Canopy CPE in NAT mode - traceroute fails ?

When the CPE is in NAT mode tracert from windows XP ‘times out’ on all hops except the final destination.

C:’>tracert 10.10.10.1

Tracing route to 10.10.10.1 over a maximum of 30 hops

1 * * * Request timed out.
2 * * * Request timed out.
3 * * * Request timed out.
4 * * * Request timed out.
5 15 ms 14 ms 14 ms 10.10.10.1 – Destination

This is our network - the destination is 5 hops out… we don’t block tracert or ping …

Is this normal ?

thx

no this is not normal…

what your IP address and config ? what is the IP of your SM ? what is your setup (between machine and SM)

I would expect you to see atleast the first hop (SM ?)
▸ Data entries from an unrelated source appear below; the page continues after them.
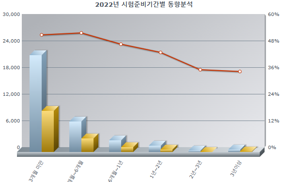 인원별로는 20대가 제일 많고 그다음 30대, 40대 순으로 순차적으로 줄어드는 경향을 보이고 있습니다. 뭐 다양한 통계자료가 있지만 우리에게 가장 중요한 통계는 바로 아래입니다. 합격자의 준비기간입니다.
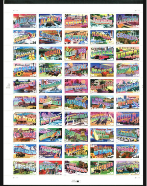 Greetings from America Sheet of 50 34¢ Stamps Scott 3561-3610 - Stuart Katz
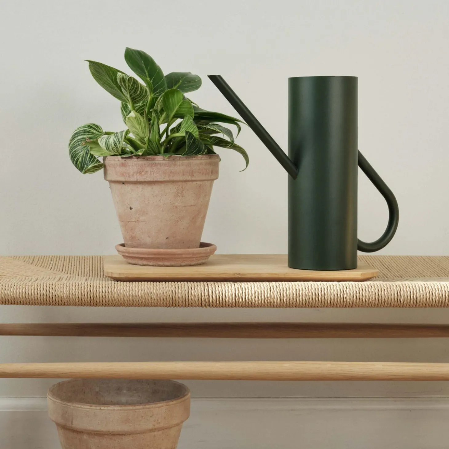 Bloom er en stilren blomstervandkande produceret i pulverlakeret rustfrit stål, med en mat overflade, i en flot, dyb mørkegrøn farve (Pine). Bag designet står den tyske designduo Böttcher & Kayser, hvis mål er at skabe enkle, originale produkter uden overflødige detaljer. Det er det tidløse og styrken ved cylindriske former, der har inspireret den tyske designduo til at skabe denne moderne fortolkning af en klassisk vandkande, med et hint til formgivningen på EM77 termokanden, der er en stor del af Steltons historie. Med sit enkle formsprog, hvor hank og tud ser ud til at gå i ét igennem kanden, forenes æstetik med funktionalitet, da vandkanden ud over sin egentlige funktion også er dekorativ at have stående fremme. Den lange, tynde tud gør det nemt at vande selv helt små krukker uden at spilde, og det intelligente design sikrer, at vandkanden er drypfri. Under bunden på kanden sidder en rillet silikonemåtte, der gør kanden skridsikker.

The subnet is 10.30.100.0/24.
Backhual Radio (which is routed) is at 10.30.100.1/24
Backhual Radio has no routes for the CPE - it shouldn’t since the AP is bridging and the /24 covers the whole subnet
Backhual Radios PtP IP is 10.20.10.2- it’s peer is 10.20.10.1

AP IP 10.30.100.130/24 (we set it above the /25 mark for furture subnetting considerations)
AP Gateway IP 10.30.100.1
AP RF Private 172.16.128.1

CPE NAT Public Network Interface is 10.30.100.150/24
CPE Gateway IP address 10.30.100.1 (the backhual radio)
CPE Private Network Interface 192.168.11.1/24
CPE RF Public 172.16.128.131

DMZ Host is NOT enabled

The CPE can route to the Internet, and I can ping it’s public interface from the NOC. User can surf fine too. But tracert shows * * * on all but the final hop and a VPN Software that uses a UDP Wrapper for NAT Traversal fails when the CPE is in NAT mode. Works fine when the CPE is in “Transparent” mode.

I tried moving the Customer to the DMZ IP on the CPE - no change: trancert doesn’t work and the UDP wrapped VPN connection fails.

Changing the CPE to bridged (transparent) mode works perfectly (of course).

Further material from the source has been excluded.